(Beginning of Material supplied)

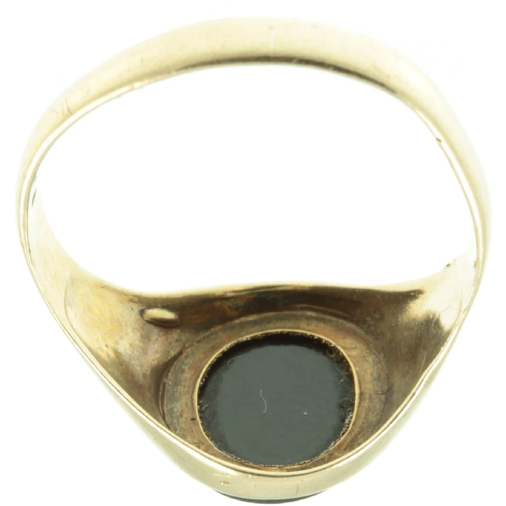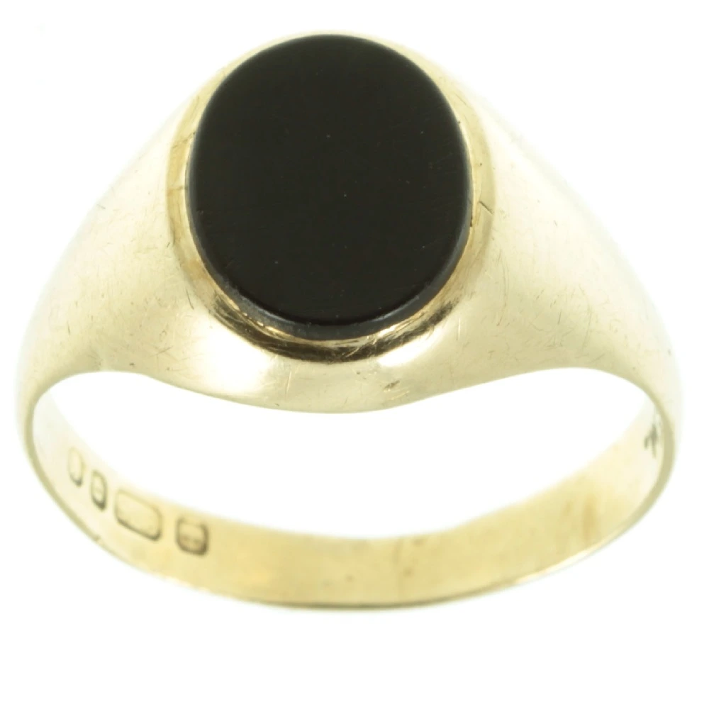 A classic Vintage 9ct gold onyx signet ring. An oval-cut black onyx gemstone set in rich 9ct yellow gold, creating a beautiful contrast between the gold and black. This is a traditional and timeless gentleman`s ring.
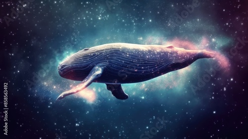 The watermark will not be included on Wall mural.: Surreal art design of a whale floating in space with a cosmic background and starry sky - digital art
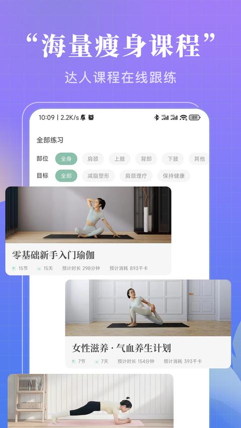 提供身体各部位的瑜伽训练:针对肩颈、腰背、髋部等常见问题区域,设计专项理疗课程。每个部位都有完整的训练体系,从放松到强化再到拉伸,形成完整的练习闭环。
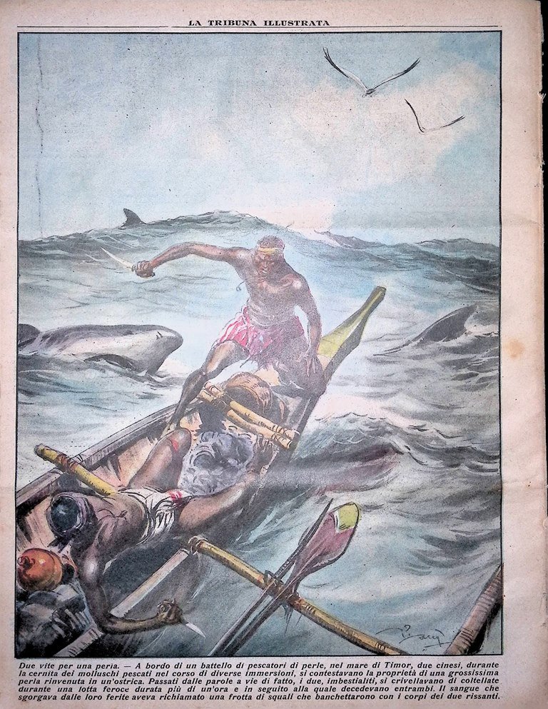 A bordo di un battello di pescatori di perle, nel mare di Timor, due cinesi, durante la cernita dei molluschi pescati nel corso di diverse immersioni, si contestavano la proprietà di una grossissima perla rinvenuta in un'ostrica. Passati dalle parole a vie di fatto, i due, imbestialiti, si crivellavano di coltellate durante una lotta feroce durata più di un'ora e in seguito alla quale decedevano entrambi. Il sangue che sgorgava dalle loro ferite aveva richiamato una frotta di squali che banchettarono con i corpi dei due rissanti (disegno di Vittorio Pisani)
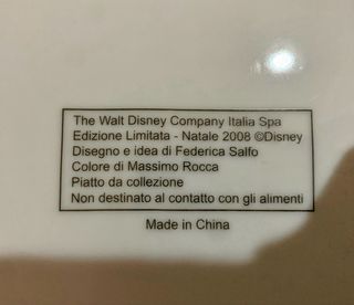 Piatto da collezione Disney a tema natalizio, edizione 2008. - Raffigura Campanellino (Tinkerbell) vicino a una candela e un albero di Natale. - Decorato con ornamenti e luci festive. - Scritta Buon Natale 2008 dorata sul bordo. - confezione originale non disponibile
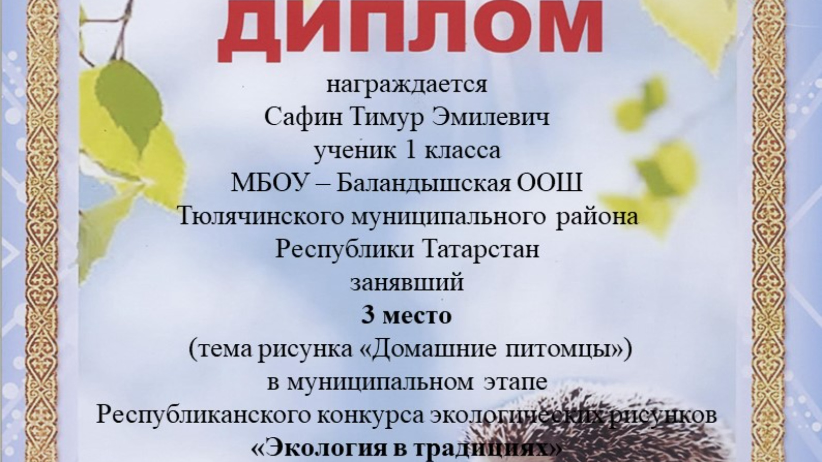 «Экология традицияләрдә» Республика экологик рәсемнәр конкурсында Баландыш авыл китапханәсеннән Сафин Тимур катнашты. Ул «Өйдәге йорт хайваннары» темасы буенча 3 нче урынны алды һәм диплом белән бүләкләнде.

(End of Material supplied)

Problem details:
Copy out every entry above exactly. Leave the pictures out.

Reply to the task:
 A classic Vintage 9ct gold onyx signet ring. An oval-cut black onyx gemstone set in rich 9ct yellow gold, creating a beautiful contrast between the gold and black. This is a traditional and timeless gentleman`s ring.
 The watermark will not be included on Wall mural.: Surreal art design of a whale floating in space with a cosmic background and starry sky - digital art
 提供身体各部位的瑜伽训练:针对肩颈、腰背、髋部等常见问题区域,设计专项理疗课程。每个部位都有完整的训练体系,从放松到强化再到拉伸,形成完整的练习闭环。
 A bordo di un battello di pescatori di perle, nel mare di Timor, due cinesi, durante la cernita dei molluschi pescati nel corso di diverse immersioni, si contestavano la proprietà di una grossissima perla rinvenuta in un'ostrica. Passati dalle parole a vie di fatto, i due, imbestialiti, si crivellavano di coltellate durante una lotta feroce durata più di un'ora e in seguito alla quale decedevano entrambi. Il sangue che sgorgava dalle loro ferite aveva richiamato una frotta di squali che banchettarono con i corpi dei due rissanti (disegno di Vittorio Pisani)
 Piatto da collezione Disney a tema natalizio, edizione 2008. - Raffigura Campanellino (Tinkerbell) vicino a una candela e un albero di Natale. - Decorato con ornamenti e luci festive. - Scritta Buon Natale 2008 dorata sul bordo. - confezione originale non disponibile
 «Экология традицияләрдә» Республика экологик рәсемнәр конкурсында Баландыш авыл китапханәсеннән Сафин Тимур катнашты. Ул «Өйдәге йорт хайваннары» темасы буенча 3 нче урынны алды һәм диплом белән бүләкләнде.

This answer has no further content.